#### [PROBLEM STATEMENT]
With the pictures omitted, set down exactly the lines from the one that contains "バンテリンドームの中日ー楽天戦に向かう人たちに呼びかける" through the last line of the data.

------ PROVIDED DATA ------

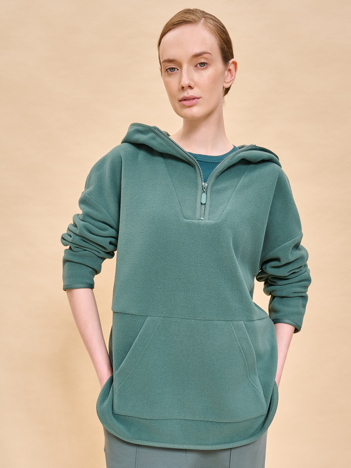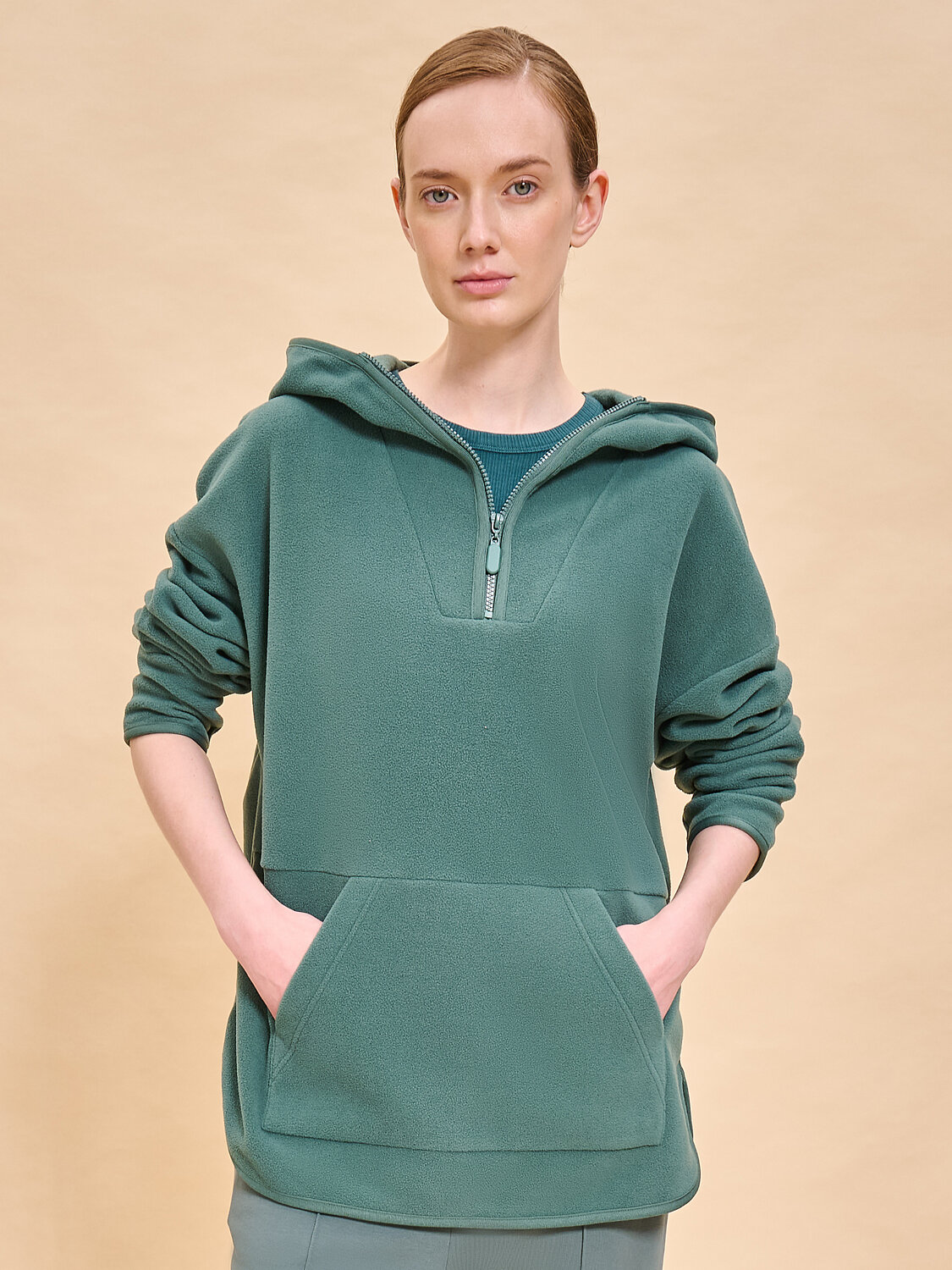Женское худи оверсайз с капюшоном. Модная толстовка однотонная женская свободного силуэта стала обязательной частью современного женского гардероба. Это удобная базовая одежда для девушек и женщин из качественного полотна согреет в любую погоду и подарит комфорт в движениях. Толстовка оверсайз подойдет для любой фигуры. В составе ткани 100% полиэстер — модель лёгкая, просто стирается и быстро сохнет, надолго сохраняет цвет и форму. Худи женское с капюшоном на замке можно надевать как самостоятельный элемент, также с ней хорошо сочетаются верхняя и спортивная одежда. Толстовка женская на молнии с капюшоном с длинным широким рукавом, увеличенной проймой дополнена накладным карманом кенгуру, декоративными круглыми разрезиками — будет стильно смотреться для повседневной носки, для занятий спортом или просто для прогулок и холодных вечеров дома. Худи теплое подарит уют и окутает теплом, это настоящий подарок для осени и зимы. В размерной сетке есть женские толстовки больших размеров. Помните о правильном уходе за изделием: рекомендуется стирать при температуре не выше 30 °C, без предварительного замачивания, с изнанки. Это поможет сохранить качество и цвет худи на длительное время. Не забывайте о выборе правильного размера. Используйте таблицу размеров на фотографии, чтобы выбрать подходящий для себя вариант. Обратите внимание, что цвет товара на экране вашего устройства может отличаться от реального.
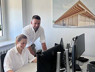 Leiter Simon Vuilleumier und sein Team unterstützen Sie in allen Phasen Ihres Holzbauprojekts:
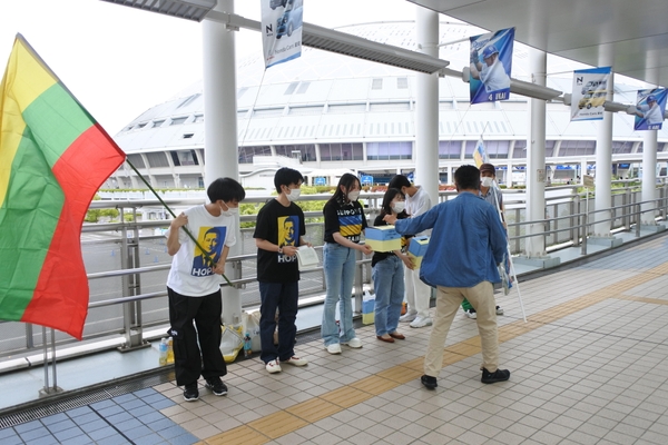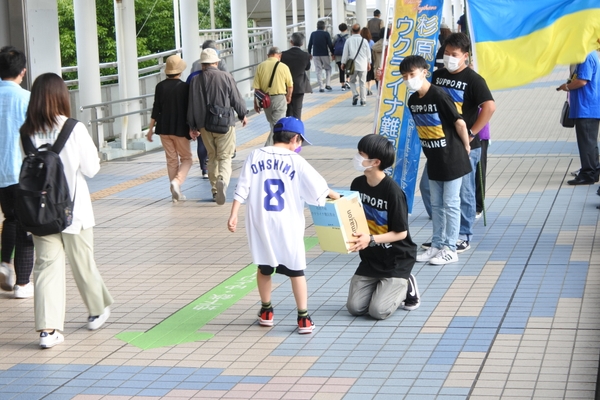 バンテリンドームの中日ー楽天戦に向かう人たちに呼びかける
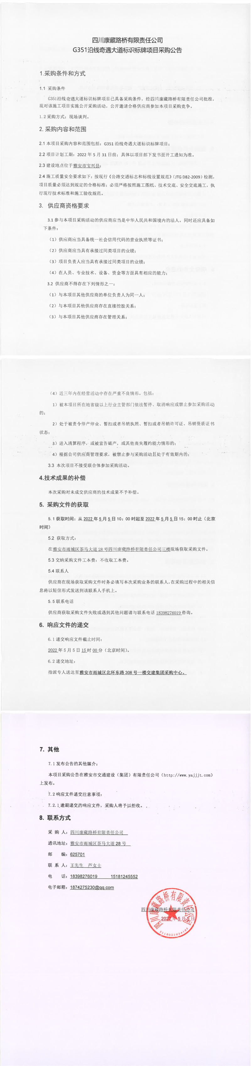 四川康藏路橋有限責(zé)任公司G351沿線奇遇大道標(biāo)識標(biāo)牌項目采購公告

------

#### [ANSWER FOR THIS EXERCISE]
 バンテリンドームの中日ー楽天戦に向かう人たちに呼びかける
 四川康藏路橋有限責(zé)任公司G351沿線奇遇大道標(biāo)識標(biāo)牌項目采購公告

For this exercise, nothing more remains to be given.